Would you mind to check system status with tegrastats at the same first?

$ sudo tegrastats

Usually, killed is caused by the out of memory.
If the minimal required memory is over the memory resource, this model may not be able to deploy on the Nano.

Thanks.

Thank you for your response, the system does indeed seem to run out of memory as you suggested.
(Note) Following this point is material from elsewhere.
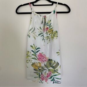 This sleeveless tank top from New York & Company is fully lined and features a relaxed fit with elegant pleats at the neckline, offering a chic and comfortable style. The yellow, pink and green color palette of the flowers adds a vibrant touch, making it a versatile addition to any summer wardrobe. Perfect for warm weather, this top is both stylish and breathable. Adjustable tie closure at neck. One small mark on front of blouse (see photo).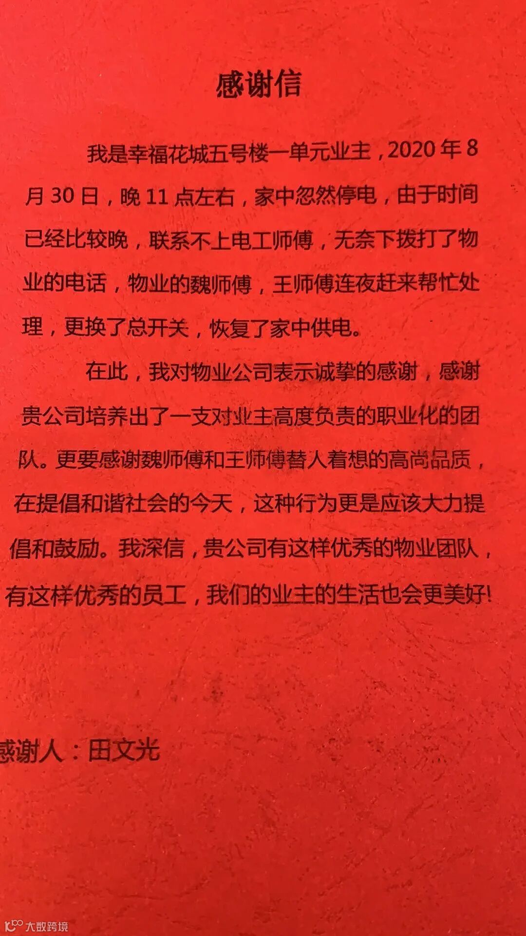 2020年9月,森沃幸福花城物业服务中心收到了业主送来的一封感谢信,这封感谢信代表对物业一直以来尽心尽责的服务表示由衷的肯定和诚挚的谢意。

However, I was able to run the model using Tensorflow so I assumed a trt model would also be possible, or is this due to the conversion process taking up more memory?

Is there any indication as to what size is the maximum size (either number of parameters or some other metric) for a cnn that can be used on the Jetson Nano?

Hi,

In TF-TRT, the memory tends to be twice since one for TensorFlow inference and the other for the TensorRT.

You can control the maximal memory usage of TensorRT via workspace variable directly.
Would you mind to update it into 32Mib to see if works first?

conversion_params = conversion_params._replace(
    max_workspace_size_bytes=(1<<25))

Thanks.

That seems to work, at least for the downscaled model, thank you for your help!